The automation in HTS-flow is higher than in the other tools considered in this perspective, mainly because of the integration with the SMITH LIMS, and the (optional) possibility of tweaking parameters in the pipelines; moreover, the GUI is designed to be used by the typical wet-lab scientist. Both QuickNGS and HTS-flow allow a consistent reduction of the hands-on time users need to spend for basic NGS data analyses. In particular, with QuickNGS a user has simply to upload the sample data and wait for the completion of the analyses. However, this extremely high level of automation is achieved at the expense of flexibility, as it is not possible to set parameters. On the contrary, the GUI in HTS-flow is designed to give enough control to wet-lab scientists by choosing a few critical parameters, while leaving the rest as defaults. An overview of how several WMS handle Issues 1–5 compared with HTS-flow is given in Table 1.

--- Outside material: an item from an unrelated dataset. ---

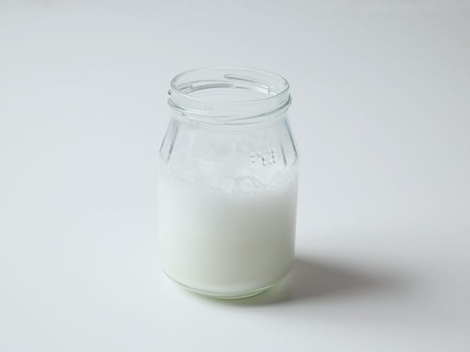 耐熱の深めのフタつき容器にフォームドミルク用の牛乳を入れる。フタをせずに、70℃程度になるように電子レンジ600Wで30秒~40秒加熱して取りだし、フタをしてよくシェイクし泡立てる。フタを開けて再び電子レンジ600Wで20秒加熱する。※吹きこぼれる恐れがあるので目をはなさないでください。

	HTS-flow	Galaxy	Chipster	Omics Pipe	Quick NGS
Table 1. HTS-flow and other available WMSs: how they are positioned with respect to the issues discussed in the text. Recently described or very popular WMS (one for each column) are compared to HTS-flow in respect to their ability of coping with the issues described in the text (rows).
Issue 1: Structuring the raw data	SMITH LIMS databse with metadata information	Galaxy LIMS (optional)	-	-	Database with metadata information
Issue 2: Monitoring the analysis flow	via GUI and/or command line for raw data, primary and secondary	via GUI for primary and secondary analysis	via GUI for primary and secondary analysis	via command line for primary and secondary analysis	via GUI for primary and secondary analysis
Issue 3: Automatizing and documenting tools	provided pipelines user’s custom-made pipelines version controlled	User’s custom-made pipelines	User’s custom-made pipelines	provided pipelines user’s custom-made pipelines version controlled	provided pipelines user’s custom-made pipelines
Issue 4: Ease of use	GUI default parameters provided possibility to tweak some parameters	GUI possibility to tweak all the parameters	GUI default parameters provided possibility to tweak all the parameters	default parameters provided possibility to tweak all the parameters	GUI default parameters provided
Issue 5: Data reproducibility	Annotation based on metadata packages from TxDB, Bsgenome, compEpiTools	Annotation files provided by user	Annotation files provided by user	Annotation files provided by user	Annotation based on ENSEMBL metadata

Perspectives

Current developments toward the automation and integration of management and analysis of sequencing data will improve the efficiency of research units heavily relying on NGS technologies. Although larger groups with enough computational members may prefer to develop and maintain their own tailored frameworks, smaller laboratories would save resources and improve their results by adopting solutions developed by third parties, so to be able to concentrate on the main scientific task, namely the interpretation of the analysis results.

One aspect that we have not covered in this manuscript is the need for substantial resources both in terms of computational power and storage. The largest institutes usually have access to large clusters and storage infrastructures and are able to deal with the associated cost of software licenses and technologists required for maintenance. On the other hand, these hardware and resources are usually too expensive for smaller institutes. Fortunately, cloud solutions are becoming accessible: companies like Amazon^[20] and Google^[21] provide access to their computational power to store and analyze data on the cloud; these are only the most visible examples in a field in fast development. Taking advantage of this opportunity, Taverna^[22]^[23], another widely used WMS, can successfully process whole-genome sequencing data on the Amazon cloud. A cloud version of Galaxy and similar frameworks have also been implemented.^[24]^[25]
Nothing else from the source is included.